**Aim of the exercise**. All records below are to be repeated exactly, with the pictures left out.

**Dataset entries**.

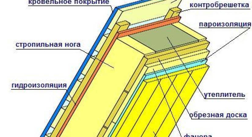 Любая правильно уложенная кровля состоит из определенного последовательного сочетания материалов, формирующих так называемый кровельный пирог или схему утепления кровли.
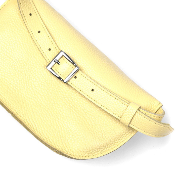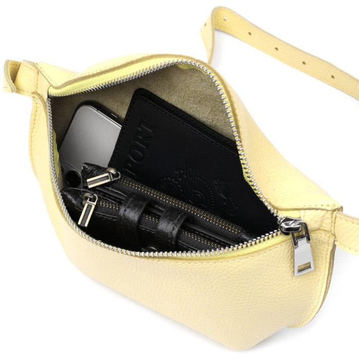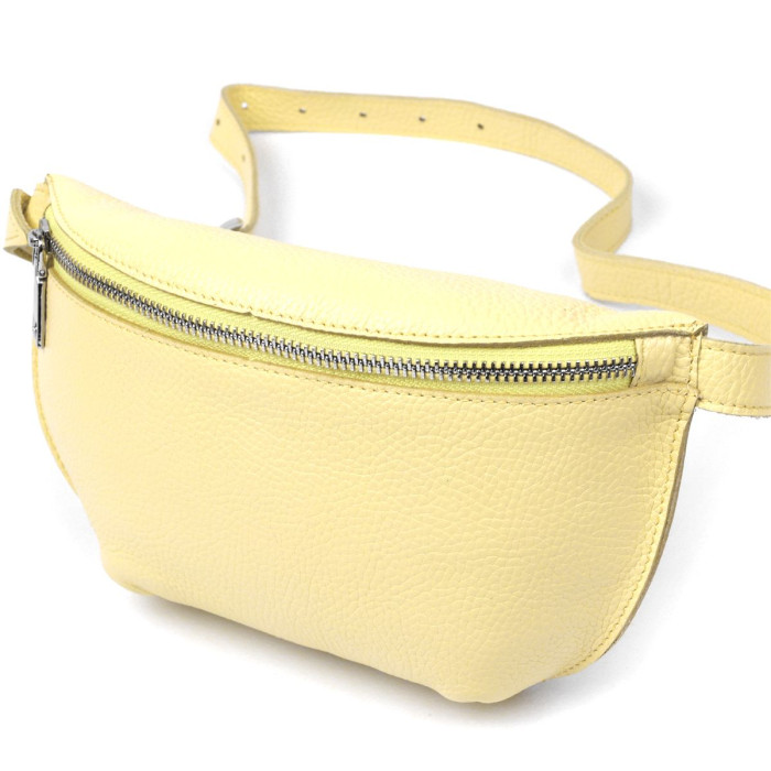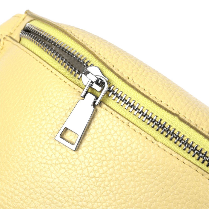 Отличная женская сумка на пояс в приятном сочном лимонном цвете из натуральной высококлассной кожи с отменными характеристиками. Имеет одно просторное отделение. Фактура модели имеет матовую зернистую поверхность. Фурнитура представлена в серебренном цвете. Данная модель – прекрасный подарок любимой девушке, подруге или сестре.
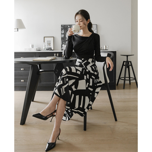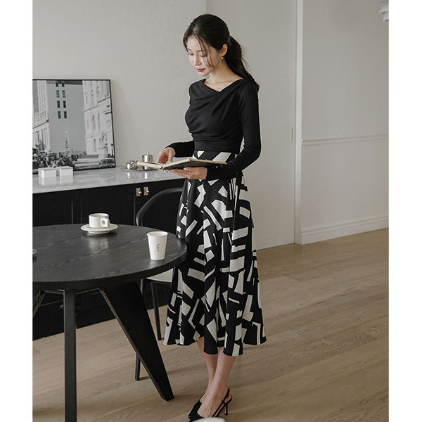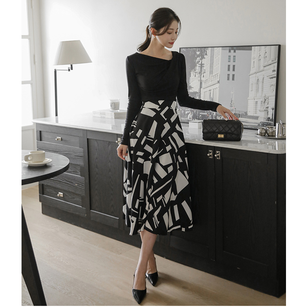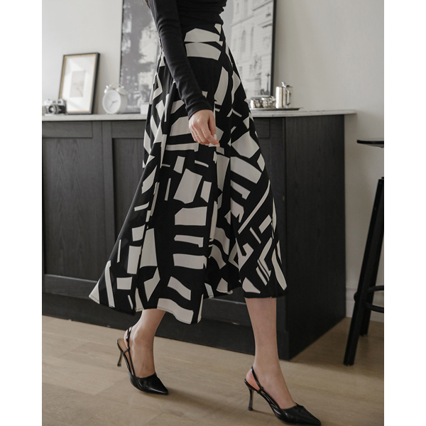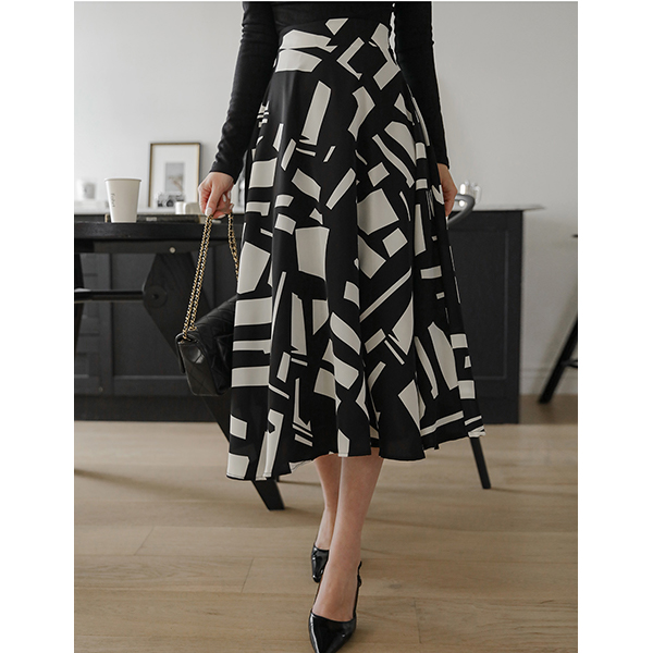 摩登 配色 点缀 喇叭 长款 裙子
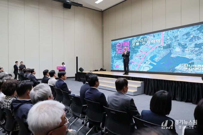 [경기뉴스원/경기뉴스1] | 부산시는 2일 오후 1시 50분 부산항국제전시컨벤션센터에서 '산복도로, 100년의 교통·주거혁명 프로젝트' 정책 브리핑을 개최하여, 산복도로 일대 교통과 주거환경을 개선하고 원도심 재도약을 위한 미래 비전을 발표했다.
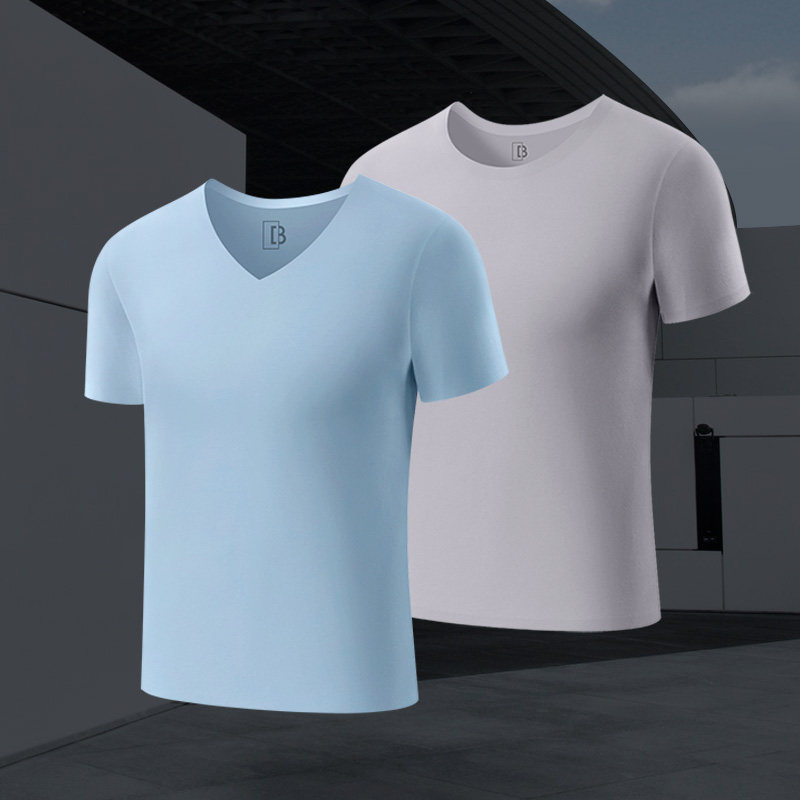 2件 男士纯棉短袖无痕半袖运动健身圆领修身t恤内衣打底汗衫体恤
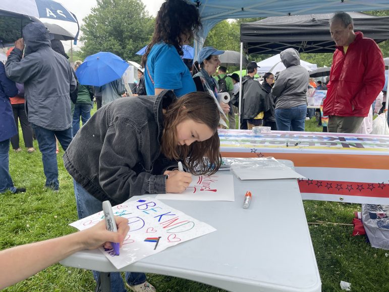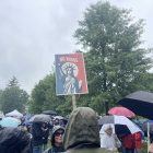 Malinoski said that a small group of pro-Palestinian demonstrators on June 14 “were not with us, they set up their own thing. Our safety marshals successfully deescalated one minor conflict between them and a passersby. We’re very proud of our volunteers who stepped up to help things run smoothly and show that ordinary people can keep each other safe. This is what democracy looks like!”

**Exercise output**.
 Любая правильно уложенная кровля состоит из определенного последовательного сочетания материалов, формирующих так называемый кровельный пирог или схему утепления кровли.
 Отличная женская сумка на пояс в приятном сочном лимонном цвете из натуральной высококлассной кожи с отменными характеристиками. Имеет одно просторное отделение. Фактура модели имеет матовую зернистую поверхность. Фурнитура представлена в серебренном цвете. Данная модель – прекрасный подарок любимой девушке, подруге или сестре.
 摩登 配色 点缀 喇叭 长款 裙子
 [경기뉴스원/경기뉴스1] | 부산시는 2일 오후 1시 50분 부산항국제전시컨벤션센터에서 '산복도로, 100년의 교통·주거혁명 프로젝트' 정책 브리핑을 개최하여, 산복도로 일대 교통과 주거환경을 개선하고 원도심 재도약을 위한 미래 비전을 발표했다.
 2件 男士纯棉短袖无痕半袖运动健身圆领修身t恤内衣打底汗衫体恤
 Malinoski said that a small group of pro-Palestinian demonstrators on June 14 “were not with us, they set up their own thing. Our safety marshals successfully deescalated one minor conflict between them and a passersby. We’re very proud of our volunteers who stepped up to help things run smoothly and show that ordinary people can keep each other safe. This is what democracy looks like!”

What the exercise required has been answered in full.